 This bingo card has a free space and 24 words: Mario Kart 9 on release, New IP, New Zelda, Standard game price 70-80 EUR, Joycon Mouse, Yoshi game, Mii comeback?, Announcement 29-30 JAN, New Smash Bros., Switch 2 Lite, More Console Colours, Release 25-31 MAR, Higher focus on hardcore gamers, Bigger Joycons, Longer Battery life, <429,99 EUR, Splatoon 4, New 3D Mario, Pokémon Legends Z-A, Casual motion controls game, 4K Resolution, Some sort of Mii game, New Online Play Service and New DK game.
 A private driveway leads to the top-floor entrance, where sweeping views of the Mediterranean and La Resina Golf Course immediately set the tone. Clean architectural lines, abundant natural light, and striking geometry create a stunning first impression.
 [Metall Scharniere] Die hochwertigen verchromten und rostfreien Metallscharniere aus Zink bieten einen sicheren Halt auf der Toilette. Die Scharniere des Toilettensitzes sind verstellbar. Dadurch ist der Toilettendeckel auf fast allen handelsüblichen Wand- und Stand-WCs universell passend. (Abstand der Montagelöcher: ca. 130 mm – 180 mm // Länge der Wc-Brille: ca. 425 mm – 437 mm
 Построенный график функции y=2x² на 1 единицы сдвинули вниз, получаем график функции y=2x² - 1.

...

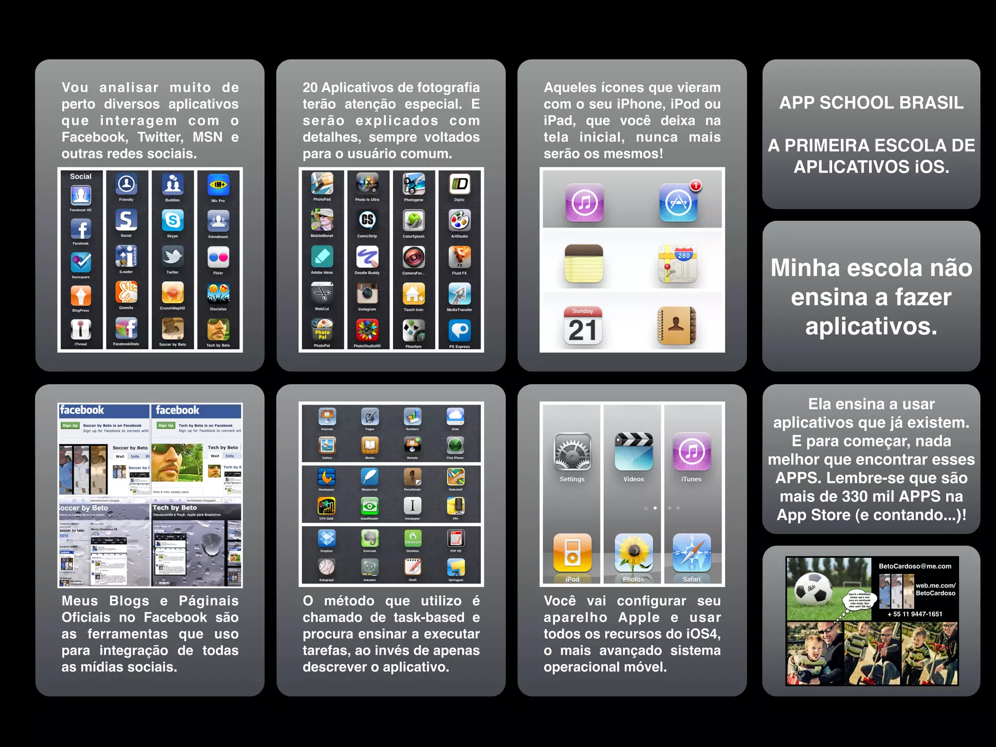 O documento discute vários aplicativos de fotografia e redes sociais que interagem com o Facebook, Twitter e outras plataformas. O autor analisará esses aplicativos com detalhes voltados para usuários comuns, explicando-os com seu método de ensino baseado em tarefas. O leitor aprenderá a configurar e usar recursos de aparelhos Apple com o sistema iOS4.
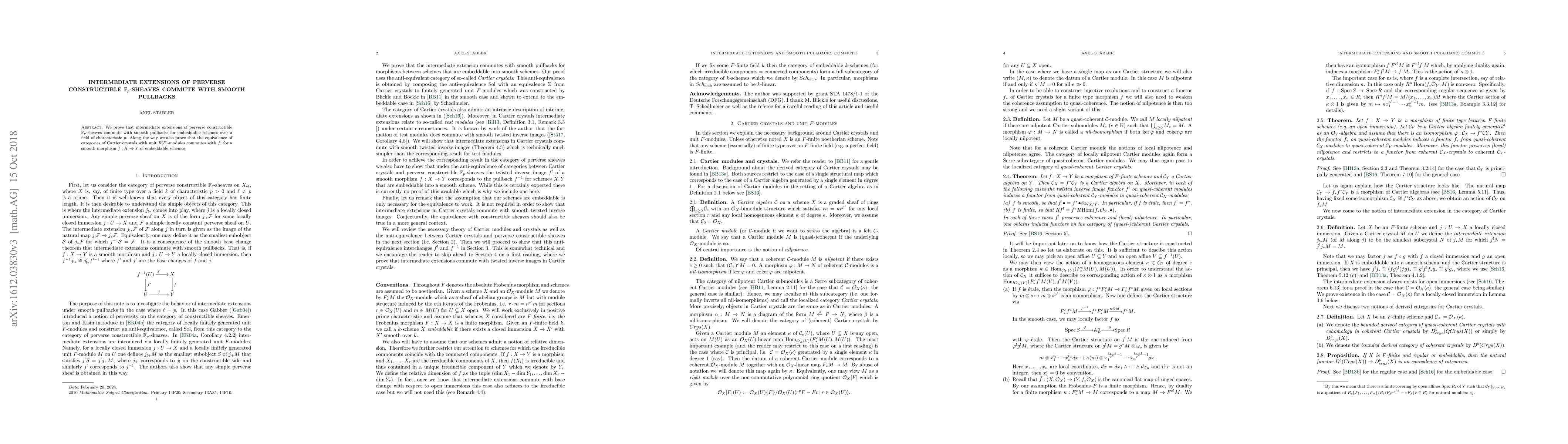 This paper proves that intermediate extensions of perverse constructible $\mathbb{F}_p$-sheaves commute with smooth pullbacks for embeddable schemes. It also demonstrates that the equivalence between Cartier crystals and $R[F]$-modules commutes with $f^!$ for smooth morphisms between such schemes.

Task brief:
Among the records above, only the lines between the line holding "A private driveway" and the line holding "Построенный график функции", inclusive, are to be output, exactly as written.

Answer below:
 A private driveway leads to the top-floor entrance, where sweeping views of the Mediterranean and La Resina Golf Course immediately set the tone. Clean architectural lines, abundant natural light, and striking geometry create a stunning first impression.
 [Metall Scharniere] Die hochwertigen verchromten und rostfreien Metallscharniere aus Zink bieten einen sicheren Halt auf der Toilette. Die Scharniere des Toilettensitzes sind verstellbar. Dadurch ist der Toilettendeckel auf fast allen handelsüblichen Wand- und Stand-WCs universell passend. (Abstand der Montagelöcher: ca. 130 mm – 180 mm // Länge der Wc-Brille: ca. 425 mm – 437 mm
 Построенный график функции y=2x² на 1 единицы сдвинули вниз, получаем график функции y=2x² - 1.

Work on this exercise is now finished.